[Records from a data collection]

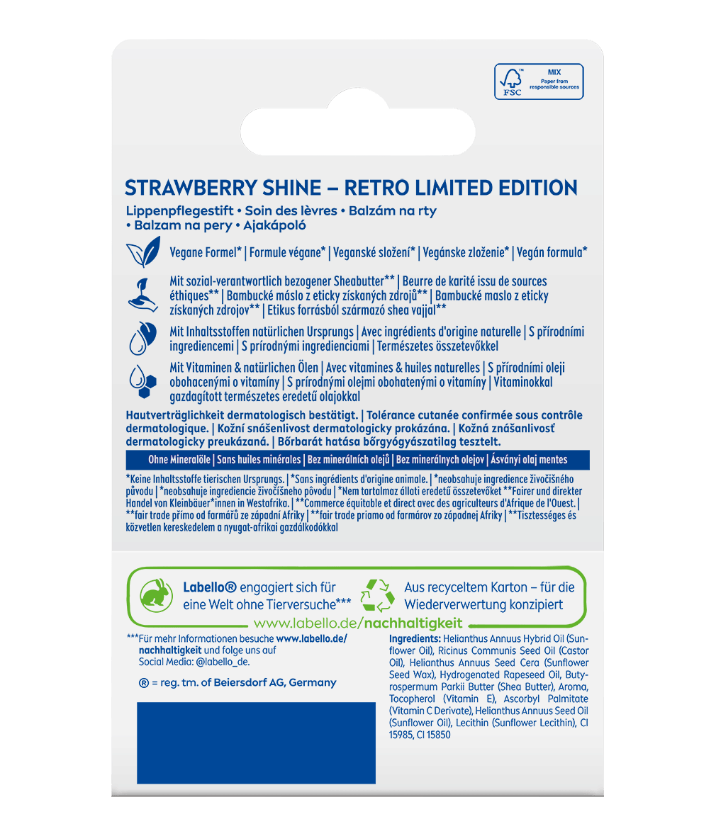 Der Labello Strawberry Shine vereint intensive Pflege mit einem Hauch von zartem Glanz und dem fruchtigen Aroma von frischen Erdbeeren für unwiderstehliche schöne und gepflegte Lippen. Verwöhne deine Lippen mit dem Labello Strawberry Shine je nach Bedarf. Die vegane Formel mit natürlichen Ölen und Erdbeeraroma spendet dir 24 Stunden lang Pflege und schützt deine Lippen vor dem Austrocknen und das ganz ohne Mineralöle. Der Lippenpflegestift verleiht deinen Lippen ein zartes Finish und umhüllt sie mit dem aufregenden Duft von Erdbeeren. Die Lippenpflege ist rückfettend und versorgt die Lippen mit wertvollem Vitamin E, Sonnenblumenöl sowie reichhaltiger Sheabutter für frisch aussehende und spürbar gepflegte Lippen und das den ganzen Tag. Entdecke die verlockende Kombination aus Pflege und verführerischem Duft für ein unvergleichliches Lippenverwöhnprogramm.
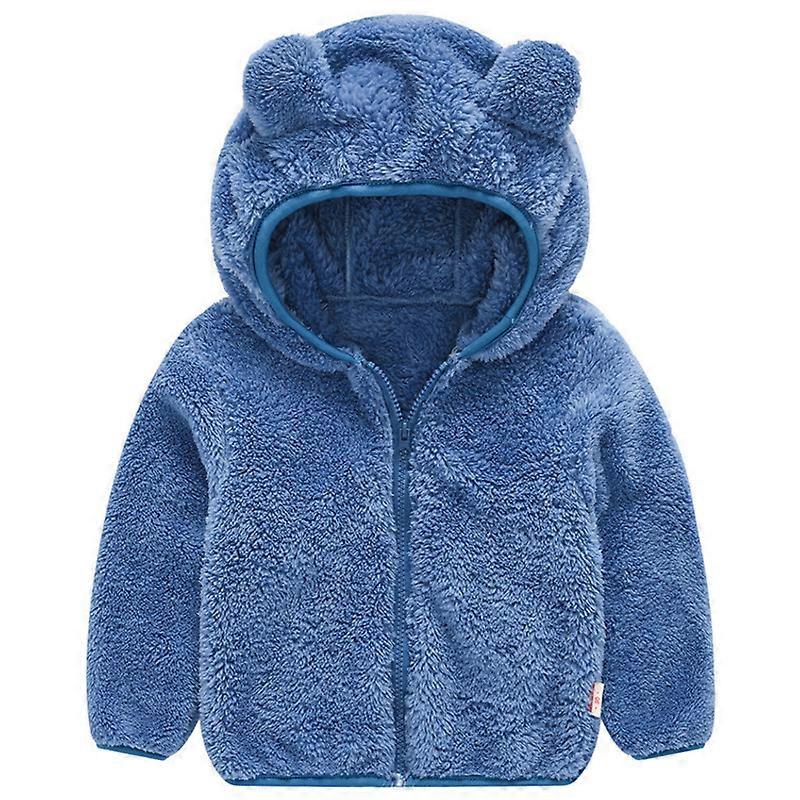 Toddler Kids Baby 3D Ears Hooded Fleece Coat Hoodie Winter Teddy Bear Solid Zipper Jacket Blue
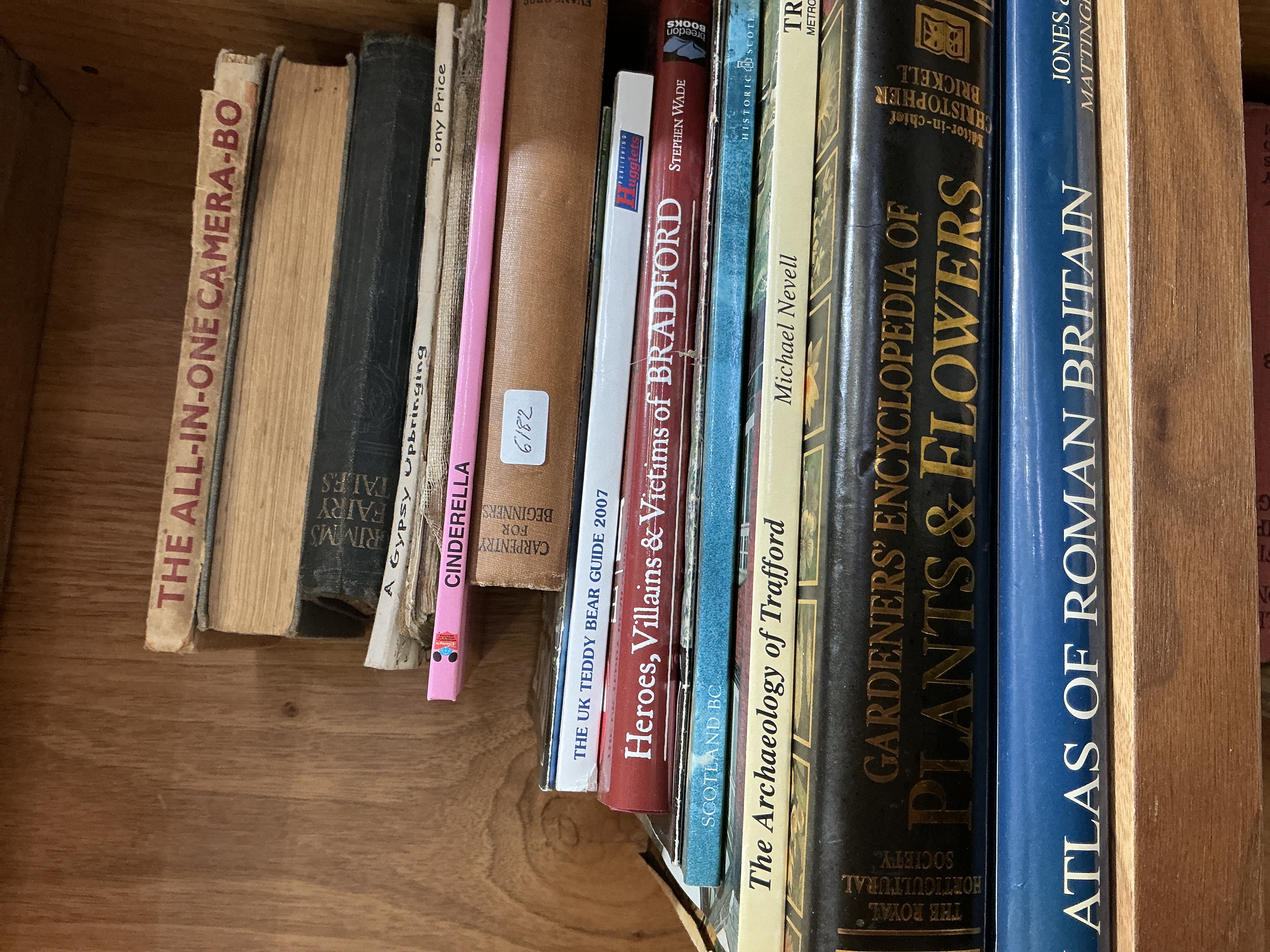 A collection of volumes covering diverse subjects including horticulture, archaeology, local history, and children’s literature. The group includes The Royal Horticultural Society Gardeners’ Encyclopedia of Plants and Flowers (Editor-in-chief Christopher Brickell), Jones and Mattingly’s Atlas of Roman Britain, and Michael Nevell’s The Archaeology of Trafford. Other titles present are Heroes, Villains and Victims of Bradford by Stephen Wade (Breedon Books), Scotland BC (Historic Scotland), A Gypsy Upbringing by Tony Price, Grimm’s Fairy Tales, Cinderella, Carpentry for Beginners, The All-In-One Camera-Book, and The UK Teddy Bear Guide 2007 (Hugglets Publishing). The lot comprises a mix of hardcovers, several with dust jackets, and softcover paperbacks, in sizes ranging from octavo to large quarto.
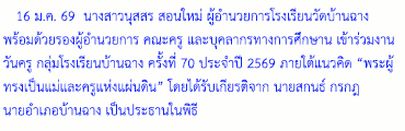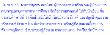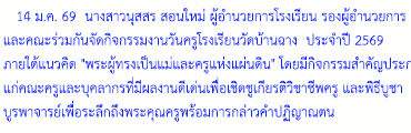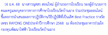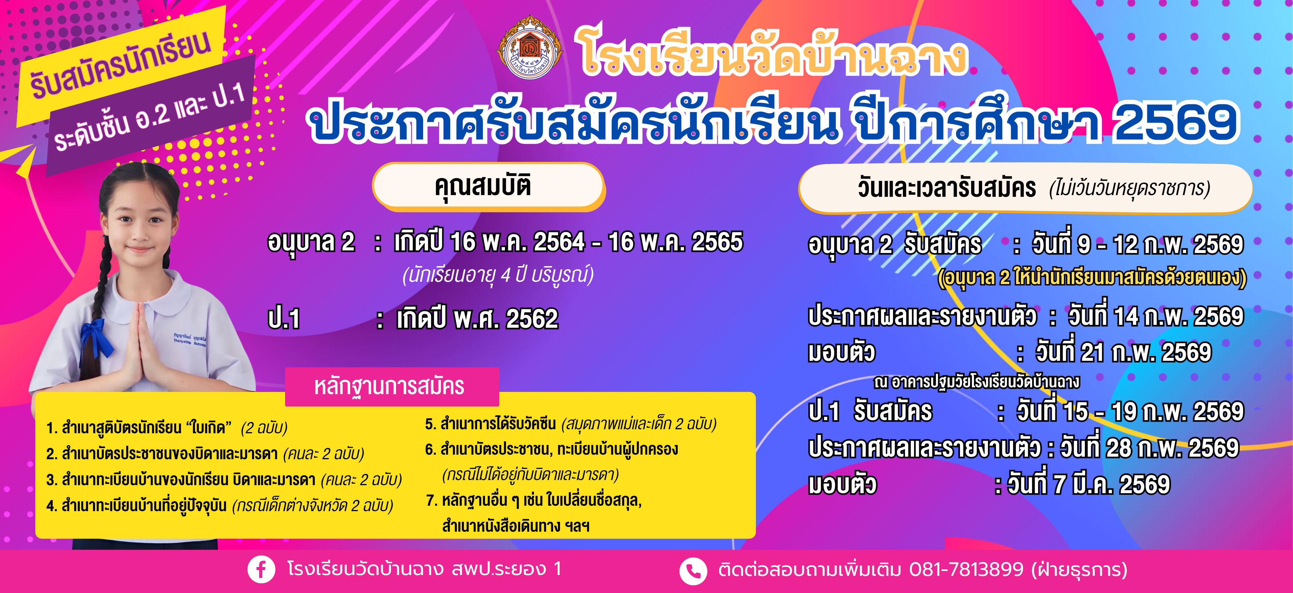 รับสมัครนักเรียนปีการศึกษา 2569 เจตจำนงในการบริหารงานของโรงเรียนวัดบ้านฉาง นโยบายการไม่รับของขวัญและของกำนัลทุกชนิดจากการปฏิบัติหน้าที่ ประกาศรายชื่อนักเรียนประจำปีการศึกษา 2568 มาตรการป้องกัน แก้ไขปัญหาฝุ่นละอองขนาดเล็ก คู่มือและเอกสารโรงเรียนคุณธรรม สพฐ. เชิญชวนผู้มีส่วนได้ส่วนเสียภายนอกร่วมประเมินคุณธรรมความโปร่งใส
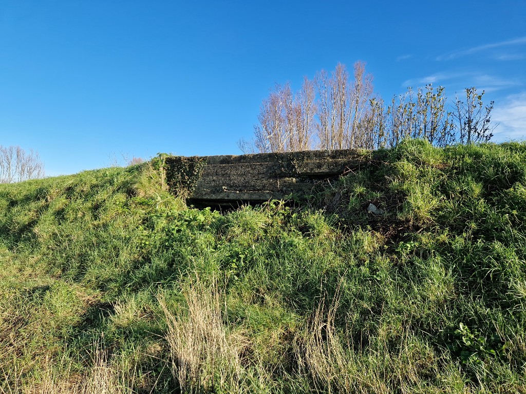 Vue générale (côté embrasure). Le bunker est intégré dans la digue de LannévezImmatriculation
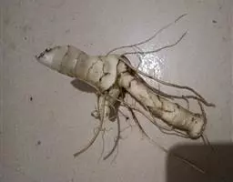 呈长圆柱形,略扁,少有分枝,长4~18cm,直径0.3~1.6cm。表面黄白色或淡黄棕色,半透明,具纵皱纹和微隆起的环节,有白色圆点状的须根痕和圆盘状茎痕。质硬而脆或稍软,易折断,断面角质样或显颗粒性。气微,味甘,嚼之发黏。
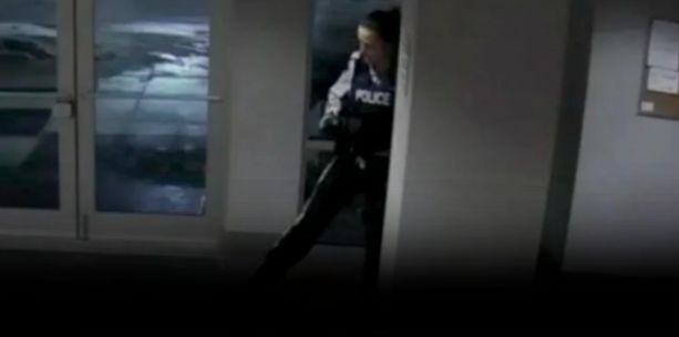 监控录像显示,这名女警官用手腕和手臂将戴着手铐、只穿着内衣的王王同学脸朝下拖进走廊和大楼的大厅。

- **Problem to solve**:
An exact restatement is expected of the lines from the line containing "Toddler Kids Baby" to the end of the data above, pictures excluded.

- **Response to this exercise**:
 Toddler Kids Baby 3D Ears Hooded Fleece Coat Hoodie Winter Teddy Bear Solid Zipper Jacket Blue
 A collection of volumes covering diverse subjects including horticulture, archaeology, local history, and children’s literature. The group includes The Royal Horticultural Society Gardeners’ Encyclopedia of Plants and Flowers (Editor-in-chief Christopher Brickell), Jones and Mattingly’s Atlas of Roman Britain, and Michael Nevell’s The Archaeology of Trafford. Other titles present are Heroes, Villains and Victims of Bradford by Stephen Wade (Breedon Books), Scotland BC (Historic Scotland), A Gypsy Upbringing by Tony Price, Grimm’s Fairy Tales, Cinderella, Carpentry for Beginners, The All-In-One Camera-Book, and The UK Teddy Bear Guide 2007 (Hugglets Publishing). The lot comprises a mix of hardcovers, several with dust jackets, and softcover paperbacks, in sizes ranging from octavo to large quarto.
 รับสมัครนักเรียนปีการศึกษา 2569 เจตจำนงในการบริหารงานของโรงเรียนวัดบ้านฉาง นโยบายการไม่รับของขวัญและของกำนัลทุกชนิดจากการปฏิบัติหน้าที่ ประกาศรายชื่อนักเรียนประจำปีการศึกษา 2568 มาตรการป้องกัน แก้ไขปัญหาฝุ่นละอองขนาดเล็ก คู่มือและเอกสารโรงเรียนคุณธรรม สพฐ. เชิญชวนผู้มีส่วนได้ส่วนเสียภายนอกร่วมประเมินคุณธรรมความโปร่งใส
 Vue générale (côté embrasure). Le bunker est intégré dans la digue de LannévezImmatriculation
 呈长圆柱形,略扁,少有分枝,长4~18cm,直径0.3~1.6cm。表面黄白色或淡黄棕色,半透明,具纵皱纹和微隆起的环节,有白色圆点状的须根痕和圆盘状茎痕。质硬而脆或稍软,易折断,断面角质样或显颗粒性。气微,味甘,嚼之发黏。
 监控录像显示,这名女警官用手腕和手臂将戴着手铐、只穿着内衣的王王同学脸朝下拖进走廊和大楼的大厅。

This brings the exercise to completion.